If the diagnosis of peritonitis is made clinically, a CT scan is not necessary and generally delays surgical intervention without offering clinical advantage. However, CT scanning is indicated in all cases in which the diagnosis cannot be established on clinical grounds and findings on abdominal plain films. CT scans of the abdomen and pelvis remain the diagnostic study of choice for peritoneal abscess and related visceral pathology.

Whenever possible, the CT scan should be performed with enteral and intravenous contrast. CT scans can detect small quantities of fluid, areas of inflammation, and other GI tract pathology, with sensitivities that approach 100%. (See the image below.) CT scanning can be used to evaluate for ischemia, as well as to determine bowel obstruction. An abscess is suggested by the presence of fluid density that is not bound by the bowel or other known structures. Gas within an abdominal mass or the presence of an enhancing wall and adjacent inflammatory changes are also highly suggestive of an abscess. Ischemia can be demonstrated by a clot in a large vessel or by the absence of blood flow. Gas within the intestinal wall or in the portal vein may also suggest ischemia.

In abscess formation subsequent to secondary peritonitis (SP), approximately half of patients have a simple abscess without loculation, and the other half have complex abscesses secondary to fibrinous septation and organization of the abscess material. Abscess formation occurs most frequently in the subhepatic area, the pelvis, and the paracolic gutters, but it may also occur in the perisplenic area, the lesser sac, and between small bowel loops and their mesentery.

Peritoneal abscesses and other fluid collections may be aspirated for diagnosis and drained under CT guidance; this technique has become a mainstay of therapy.

These diagnostic studies have little use in the initial evaluation of patients with suspected peritonitis or intra-abdominal sepsis. They are most frequently used in the evaluation of fever of unknown origin or in patients with persistent fever despite adequate antibiotic treatment and negative CT scan findings.

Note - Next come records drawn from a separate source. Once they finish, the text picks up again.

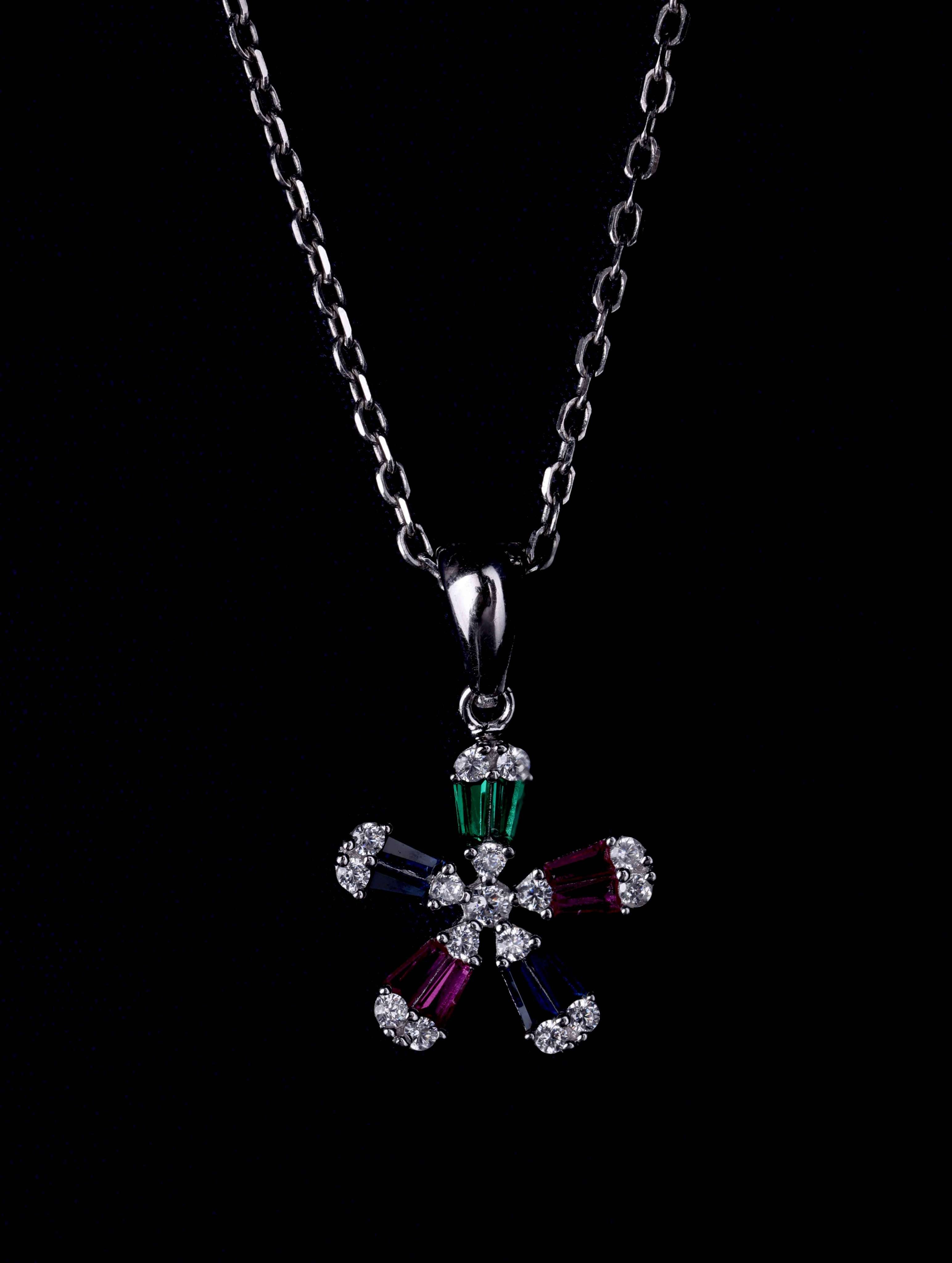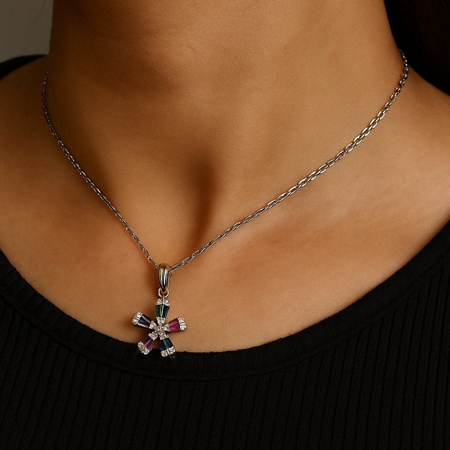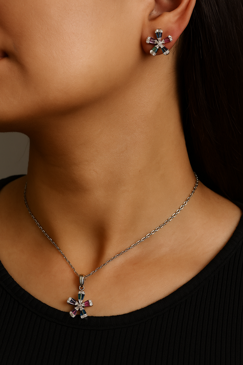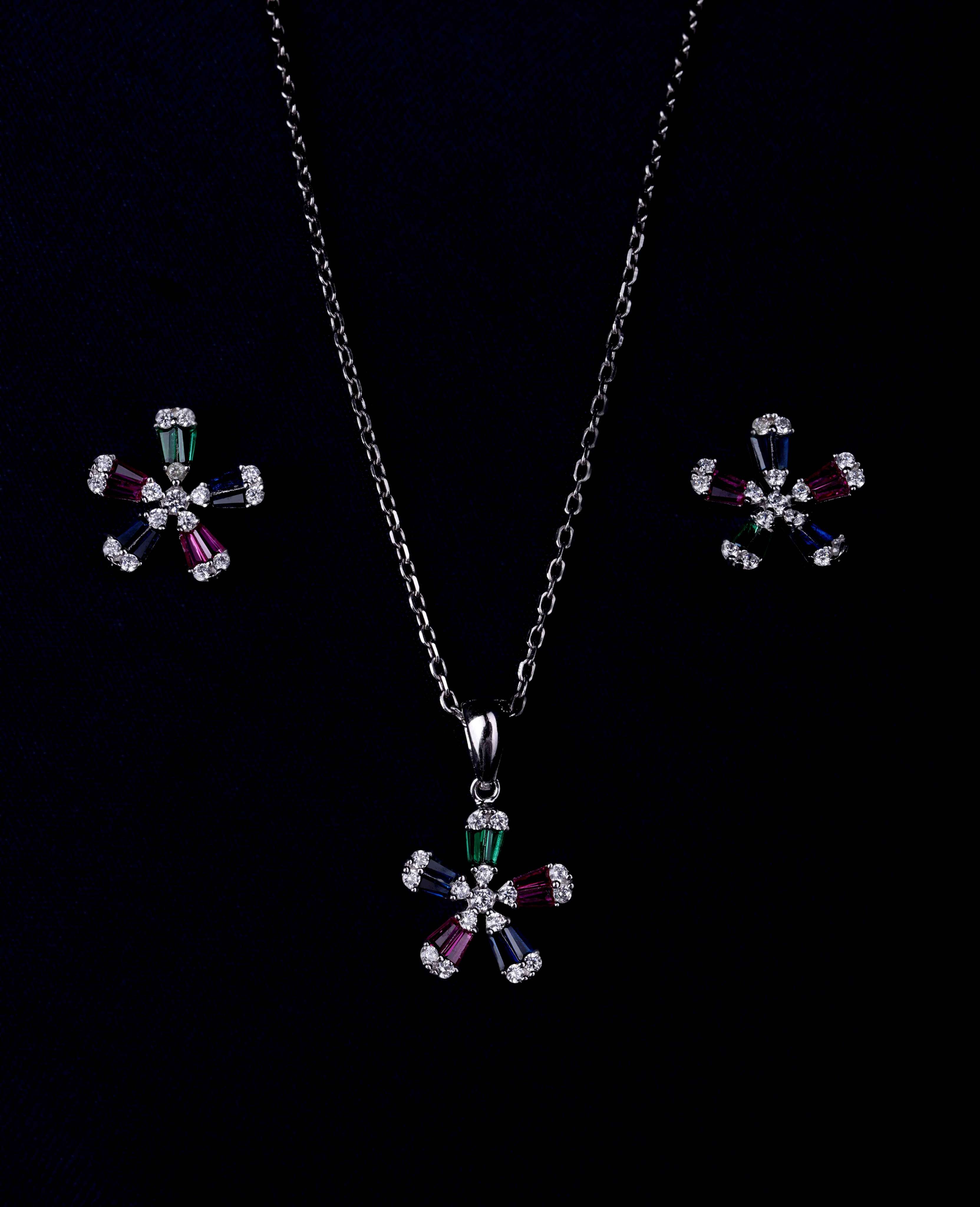 Timeless elegance meets floral charm in the Celeste Bloom Pendant Set from Aventara. Crafted in 92.5 sterling silver, this radiant design features an open flower motif, fully adorned entirely with baguette-cut stones—each petal reflecting light with graceful brilliance.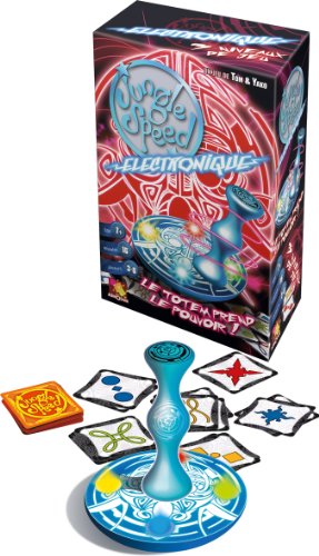Asmodee - JS06 - Jeu d'ambiance - Jungle Speed Electronique - Asmodee - Quand 2 sons identiques retentissent, il faut attraper le totem. Les cartes électroniques lues par le totem proposent plus de 10 ambiances différentes. Bruits d?animaux pour les plus jeunes, types d?instruments pour les plus grands, ou bruits dégoutants pour les plus déjantés - Mixte - A partir de 7 ans - Livréà l'unité Jungle Speed : Jeux de mains, jeux de malins ! Il y a fort longtemps, les membres de la tribu Aboulou vivant dans les moites et tropicales forêts de la lo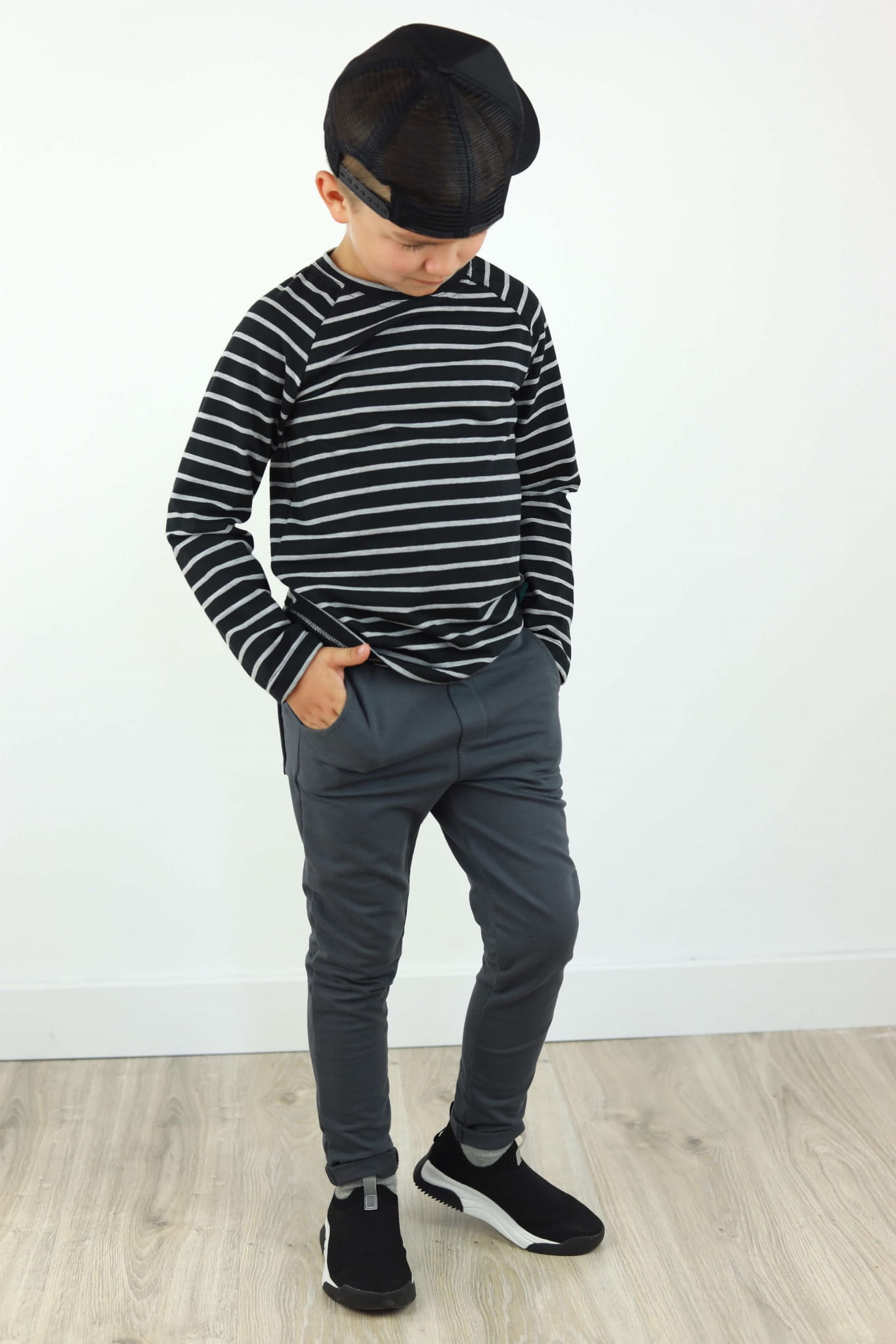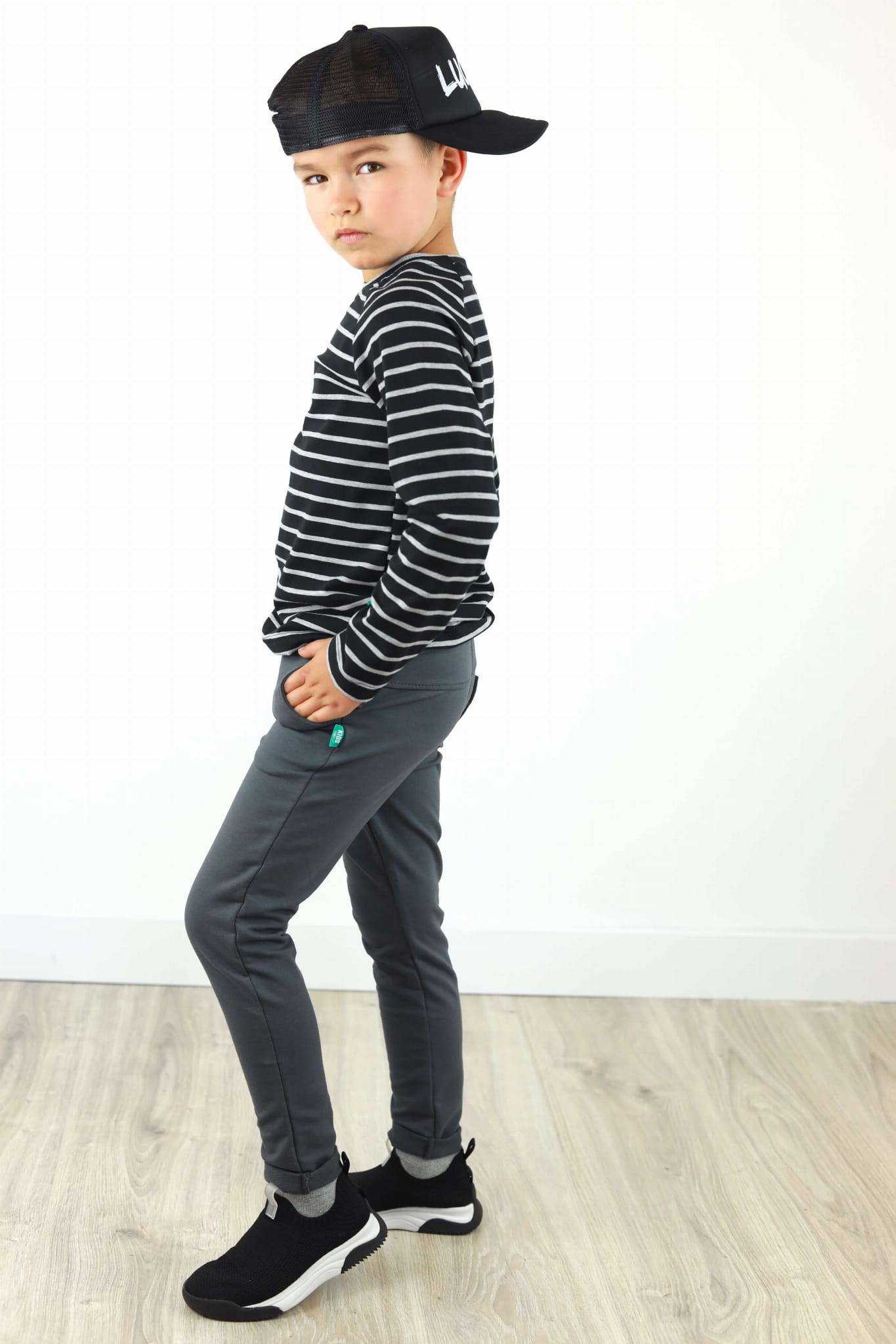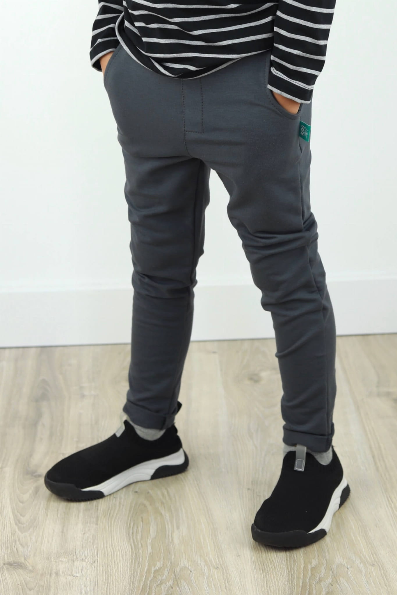 Spodnie RURKI kwadratowa kieszeń grafit S05a
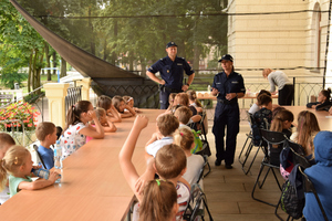 W środę 7 sierpnia, kolejna grupa dzieci miała okazję wziąć udział w profilaktycznym spotkaniu z policjantami mińskiej komendy. Tym razem mundurowi spotkali się z uczestnikami "Wakacji w pałacu" organizowanych przez Miejski Dom Kultury w Mińsku Mazowieckim. Sierżant sztabowy Dominika Witek i sierżant sztabowy Karol Witowski z zaangażowaniem i w ciekawy sposób przypomnieli podstawowe zasady związane z wakacyjnym bezpieczeństwem.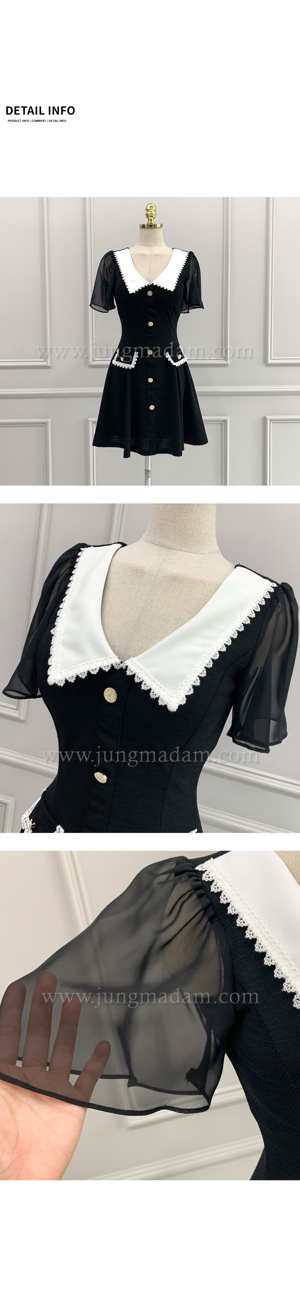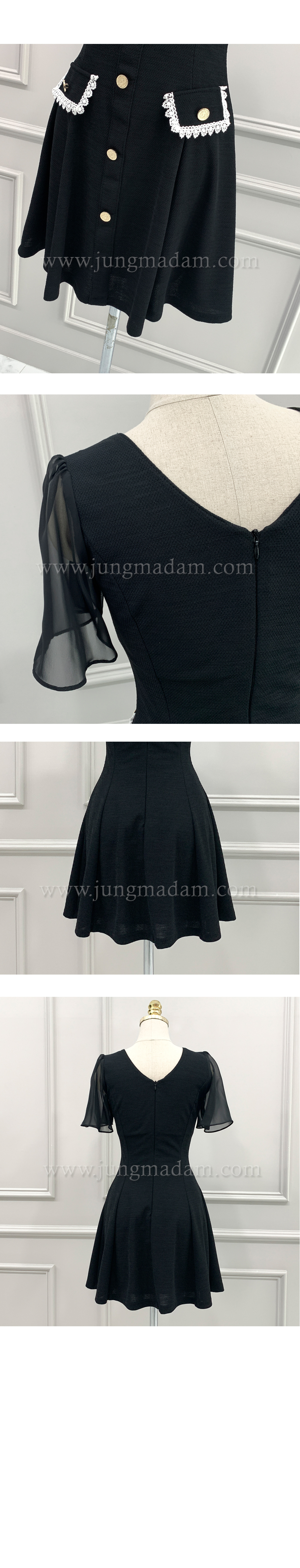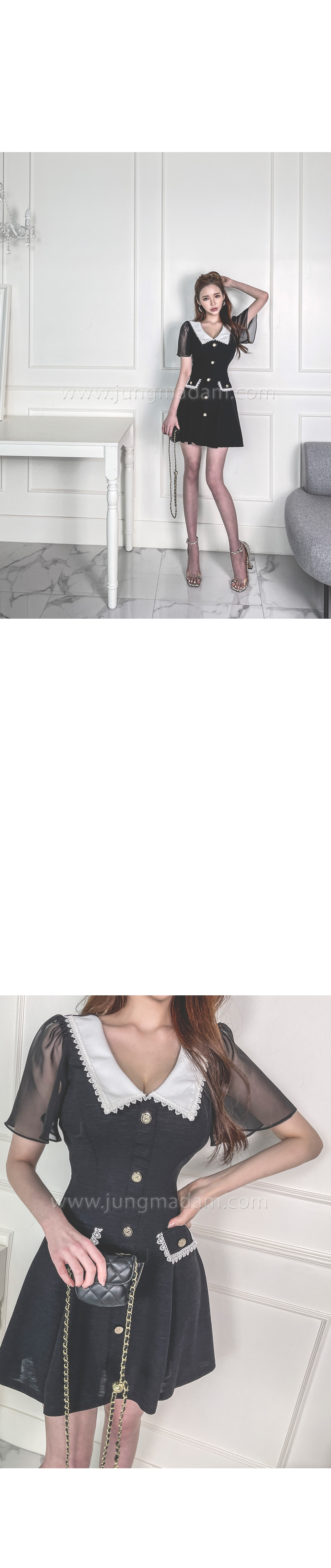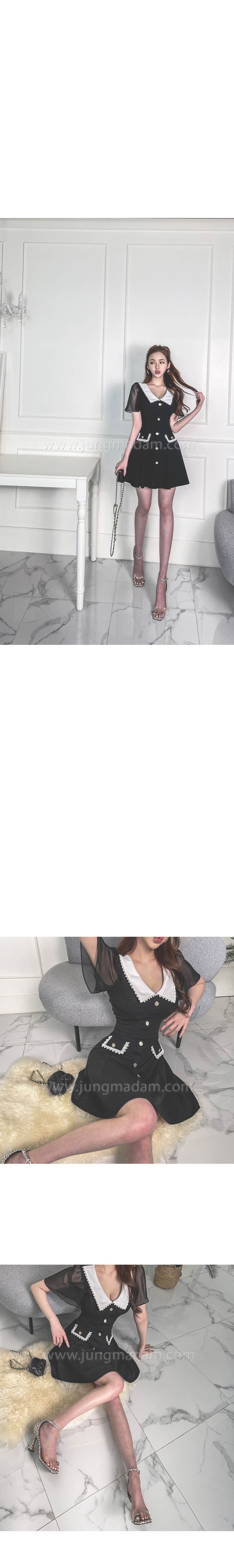 jungmadam - [16682]블랙 마델 카라 플레어 원피스♡韓國女裝連身裙

MRI is an emerging imaging modality for the diagnosis of suspected intra-abdominal abscesses. Abdominal abscesses demonstrate decreased signal intensity on T1-weighted images and homogeneous or heterogeneous increased signal intensity on T2-weighted images; abscesses are observed best on gadolinium-enhanced, T1-weighted, fat-suppressed images as well-defined fluid collections with rim enhancement.

Limited availability and high cost, as well as the need for MRI-compatible patient support equipment and the length of the examination, currently limit its usefulness as a diagnostic tool in acute peritoneal infections, particularly for patients who are critically ill.

Conventional contrast studies (ie, Gastrografin swallow, upper GI tract study with follow-through, colorectal contrast enema, fistulogram, contrast studies of drains and stents) are reserved for specific indications in the setting of suspected peritonitis or peritoneal abscess.